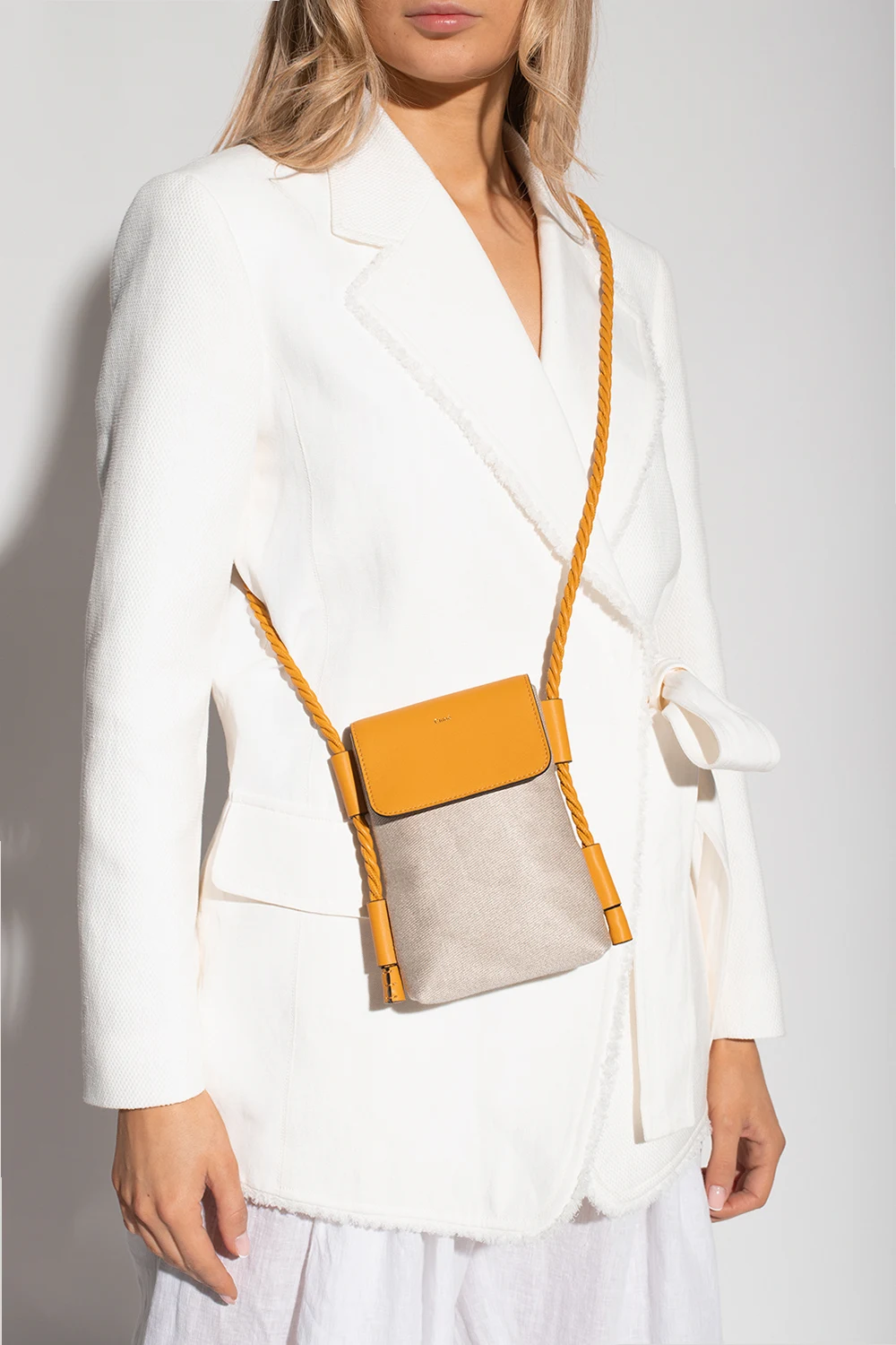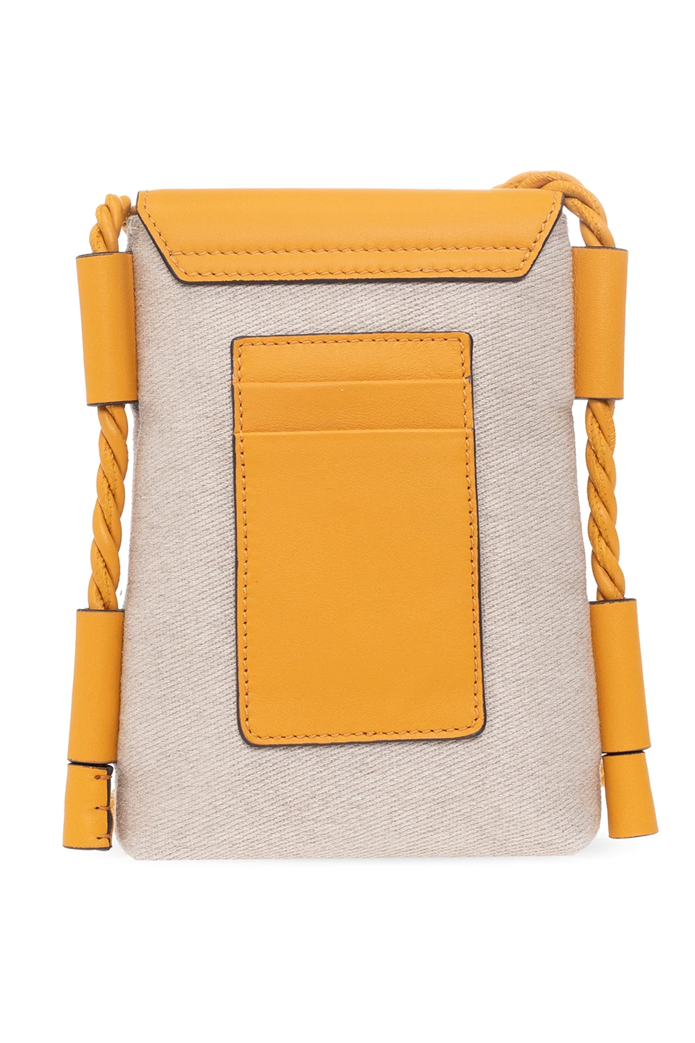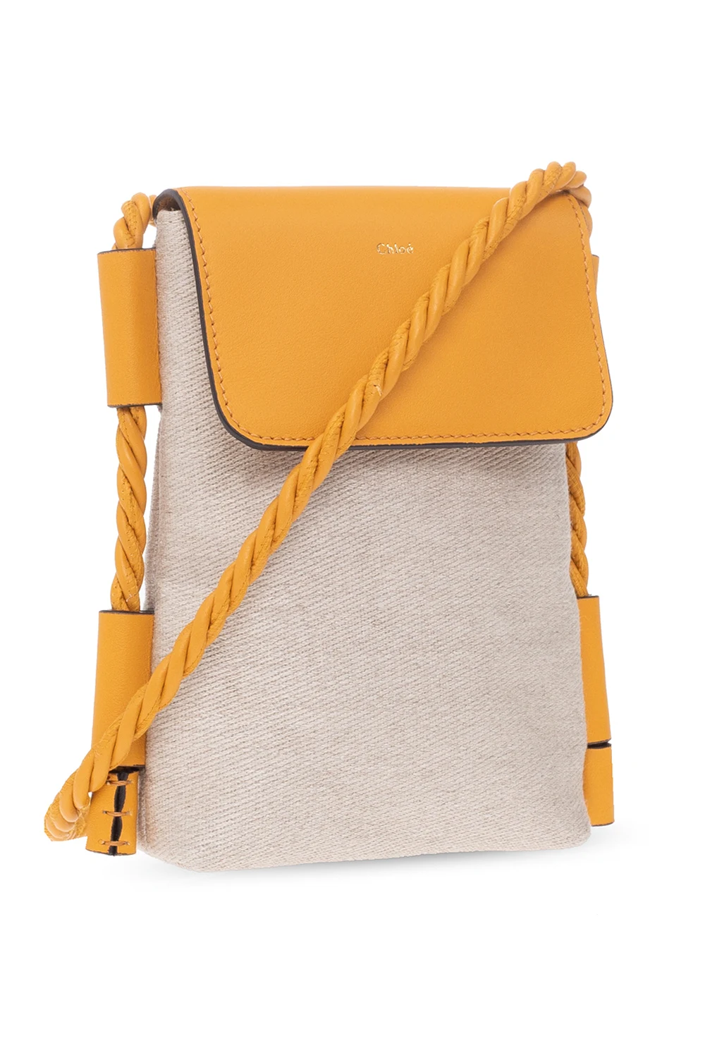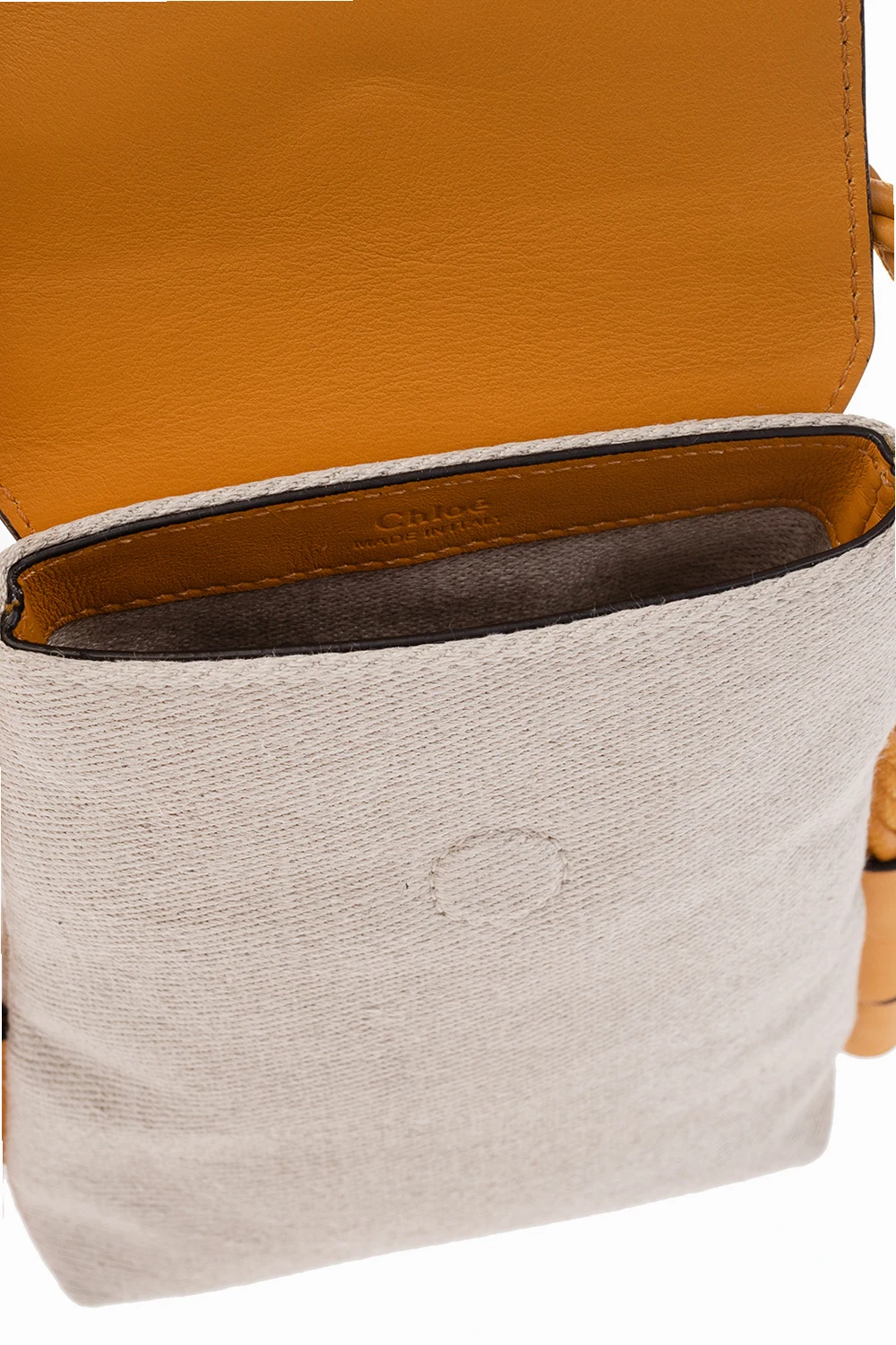 Pomarańczowo-beżowe etui na telefon Chloé. Wykonane z lnu i skóry cielęcej. Zamykane na magnetyczne zapięcie. Z przodu wytłoczone logo. Z tyłu dwa miejsca na karty. Regulowany, pleciony pasek. Wewnątrz komora. Metalowe elementy w kolorze złotym.
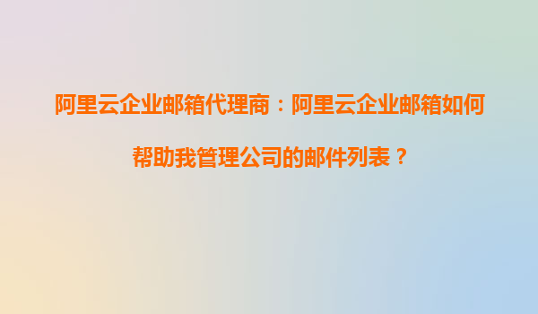 阿里云企業(yè)郵箱代理商:我可以通過阿里云企業(yè)郵箱快速整理郵件列表嗎? 一、阿里云企業(yè)郵箱的核心優(yōu)勢 作為國內(nèi)領(lǐng)先的云服務(wù)商,阿里云企業(yè)郵箱憑借其強大的技
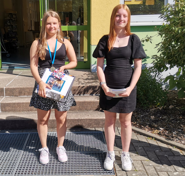 Lisa S. (8b) und Klara S. (9a) für die erfolgreiche Teilnahme an der Französisch- bzw. Englisch-Olympiade. Beide Schülerinnen hatten sich für den Landesausscheid qualifiziert und erreichten dort achtbare Platzierungen.
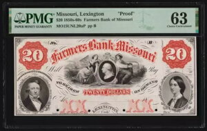 Missouri Lexington 1850's - $20 Farmers Bank **Proof** - PMG Choice UNC 63商品について売主メモ「チョイス UNC 63」額面 20ドル種類見本認証番号 1997...
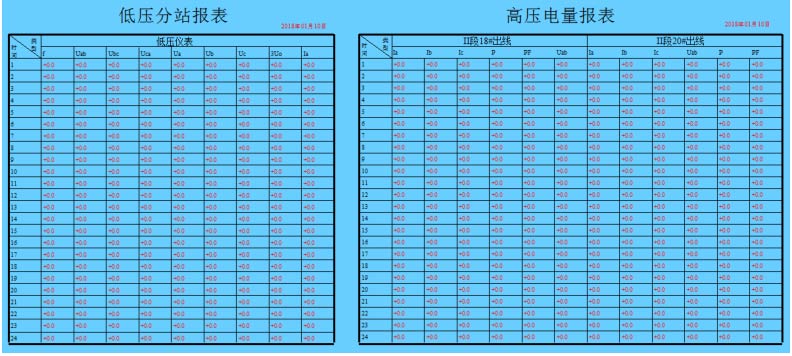 查詢各回路或設備指定時間的運行參數,報表中顯示電參量信息應包括:各相電流、三相電壓、總功率因數、總有功功率、總無功功率、正向有功電能等。

What to produce:
Repeat the listing verbatim. Skip the pictures.

Written response:
 Pomarańczowo-beżowe etui na telefon Chloé. Wykonane z lnu i skóry cielęcej. Zamykane na magnetyczne zapięcie. Z przodu wytłoczone logo. Z tyłu dwa miejsca na karty. Regulowany, pleciony pasek. Wewnątrz komora. Metalowe elementy w kolorze złotym.
 阿里云企業(yè)郵箱代理商:我可以通過阿里云企業(yè)郵箱快速整理郵件列表嗎? 一、阿里云企業(yè)郵箱的核心優(yōu)勢 作為國內(nèi)領(lǐng)先的云服務(wù)商,阿里云企業(yè)郵箱憑借其強大的技
 Lisa S. (8b) und Klara S. (9a) für die erfolgreiche Teilnahme an der Französisch- bzw. Englisch-Olympiade. Beide Schülerinnen hatten sich für den Landesausscheid qualifiziert und erreichten dort achtbare Platzierungen.
 Missouri Lexington 1850's - $20 Farmers Bank **Proof** - PMG Choice UNC 63商品について売主メモ「チョイス UNC 63」額面 20ドル種類見本認証番号 1997...
 查詢各回路或設備指定時間的運行參數,報表中顯示電參量信息應包括:各相電流、三相電壓、總功率因數、總有功功率、總無功功率、正向有功電能等。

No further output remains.